While he didn't make the connection, TBS'ratings performance has been hurt lately by its slumping World Championship Wrestling franchise.
TBS'repositioning "will guide every single decision made internally," he noted. The network is erasing documentaries and animation from its schedule, and it has been phasing out its 4 p.m. to 7 p.m. teen block by adding such older-skewing off-net sitcoms as Drew Carey, Home Improvement, Seinfeld and Everybody Loves Raymond.
TBS also plans more original movies and series-mostly reality-based, because "our audience loves this reality stuff," he added. For that reason, TBS has given Ripley's Believe It or Not! a 22-episode renewal, and it is looking for a companion series, Quinn added.
The network won't entirely ignore action series, he said, noting that a Mel Gibson-produced pilot, Invincible, is under consideration.
TBS will also slate more broadcast premieres of such movies as Austin Powers: International Man of Mystery and As Good As It Gets, and it is adding National Association for Stock Car Auto Racing coverage to its Atlanta Braves and National Basketball Association coverage.
Referring to Nielsen slippage in WCW and NBA ratings, Quinn said, "TNT has been more victimized by that than we are."
TBS will also continue with its appointment-viewing movie packages-"Dinner & A Movie," "Movie Lounge" and "Movies for Guys Who Love Movies," the latter an early thrust at its target audience.
Since these viewers "enjoy humor and a bit of irreverence," the print ads and the commercials will reflect that, Quinn said. One spot shows a husband watching a Braves game on a TV set duct-taped to his lawn tractor as he mows the lawn. Another depicts a couple in bed, with the woman reading a book and her spouse reading TV Guide.

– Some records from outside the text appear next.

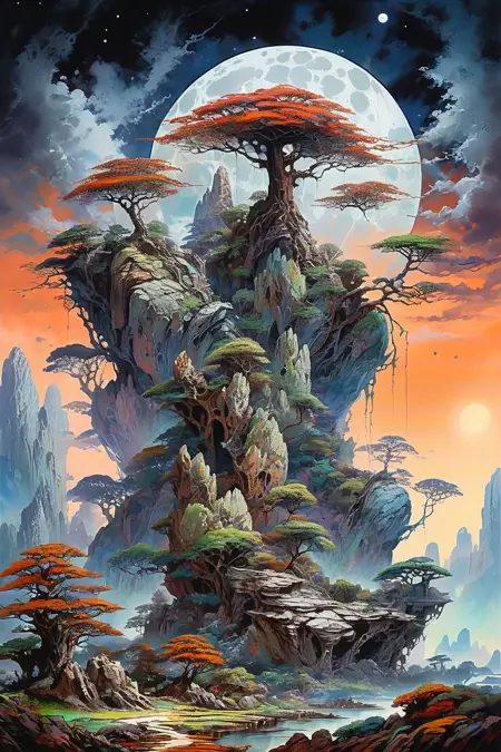스타워즈 세계관의 마스터 요다의 멀고 멀리 떨어진 행성 다고바의 환상적인 풍경 스타일.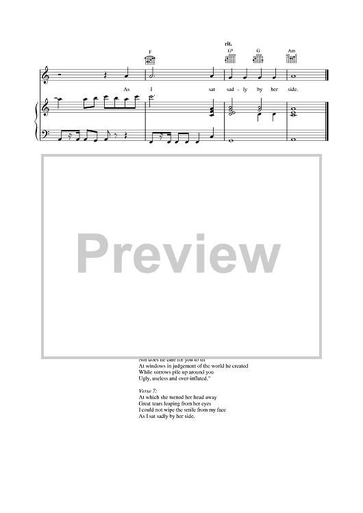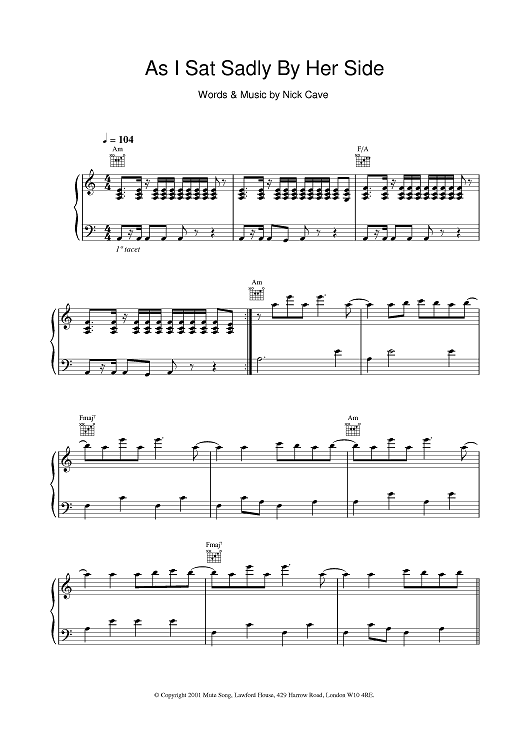 Digital Sheet Music for As I Sat Sadly By Her Side by Nick Cave scored for Piano/Vocal/Chords; id:377371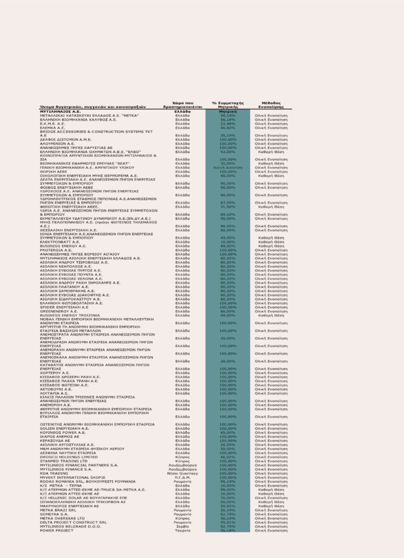 Οι εταιρείες του Ομίλου οι οποίες περιλαμβάνονται στις ενοποιημένες οικονομικές καταστάσεις και η μέθοδος

In print, an ad for Michael Douglas'movie, The Game, says, "Watch someone else come unglued for a change," and one for Ripley's says, "After you see this, your in-laws won't seem so strange."

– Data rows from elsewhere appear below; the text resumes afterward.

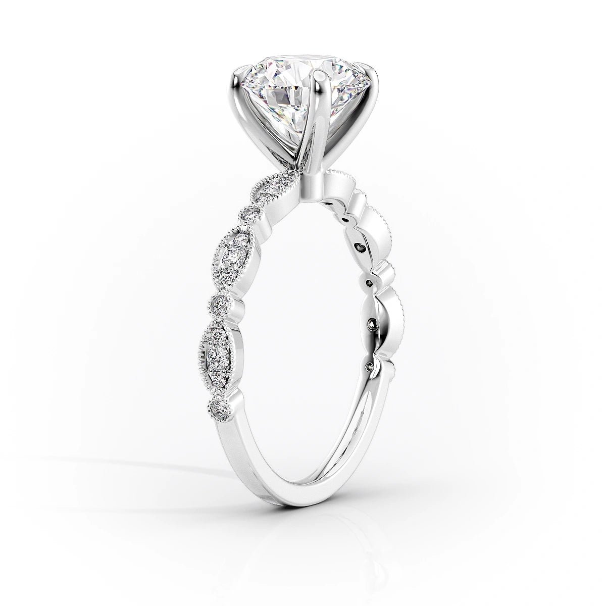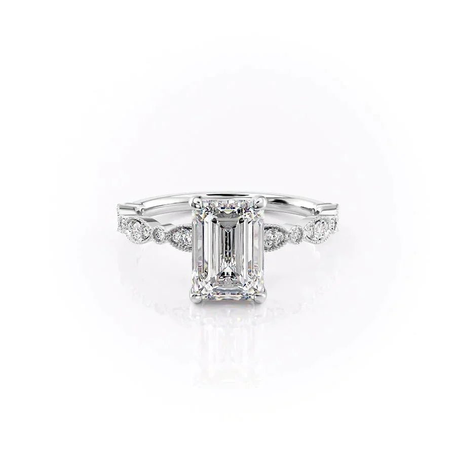 The Jasmine Set With A 1.0 Carat Emerald 14K White Gold Lab Diamond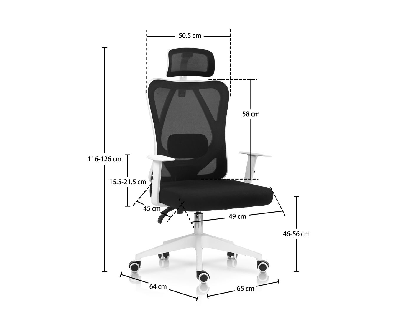 • 調整可能な高さのメカニズムにより、椅子をカスタマイズして特定のニーズに合わせて、地面に足が平らで膝が90度の角度になるようにします。アームレストを調整して、腕を完璧にサポートし、肩と首の負担を減らすことができます。背もたれに組み込まれた腰椎サポートは、適切な姿勢を促進し、全体的な快適性と生産性を高めます。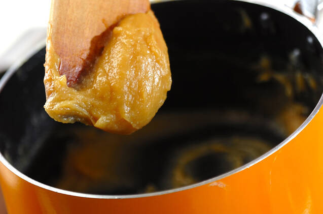 <ユズみそ>を作る。小鍋に白みそ、砂糖、みりんをよく混ぜ合わせ、弱火にかける。木ベラで混ぜながら少しかために練り、火を止める。すりおろしユズ皮、ユズ汁を加えてよく混ぜ合わせる。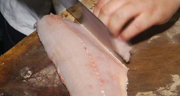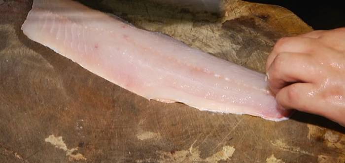 第一步,要掌握三個小訣竅:切一個小口固定魚肉,用刮而不用剁,順著魚刺的方向刮。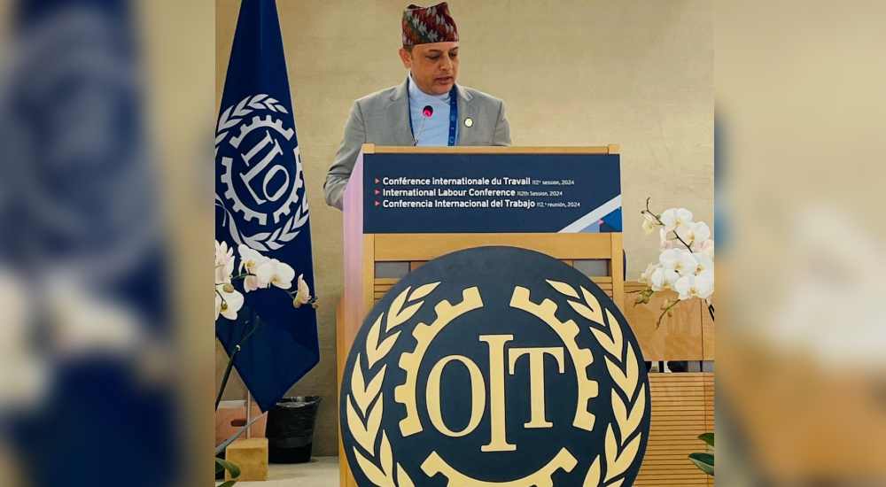 मङ्गलबार जेनेभामा आयोजित ११२औँ अन्तर्राष्ट्रिय श्रम सम्मेलनलाई सम्बोधन गर्दै उहाँले श्रमिकलाई मर्यादित कार्यमा लगाउने कार्यसूची कार्यान्वयन गर्न नेपाल सरकार प्रतिबद्ध रहेको बताउनुभयो ।

TBS senior vice president of marketing Constance Barkley-Lewis said the $70 million campaign-developed by Hal Riney & Partners of San Francisco-will include print ads in USA Today, Sports Illustrated and Sunday-newspaper supplements, plus commercials in spot cable and radio, as well as outdoor.
On-air promos broke April 7 on all Turner networks, with print and radio to be added today (April 10). In the third quarter, TBS will focus on relaunching its Web site, she added.
Until now, TBS'marketing has concentrated on tune-in for specific shows. Now, Barkley-Lewis said, "We want them to tune in to our brand."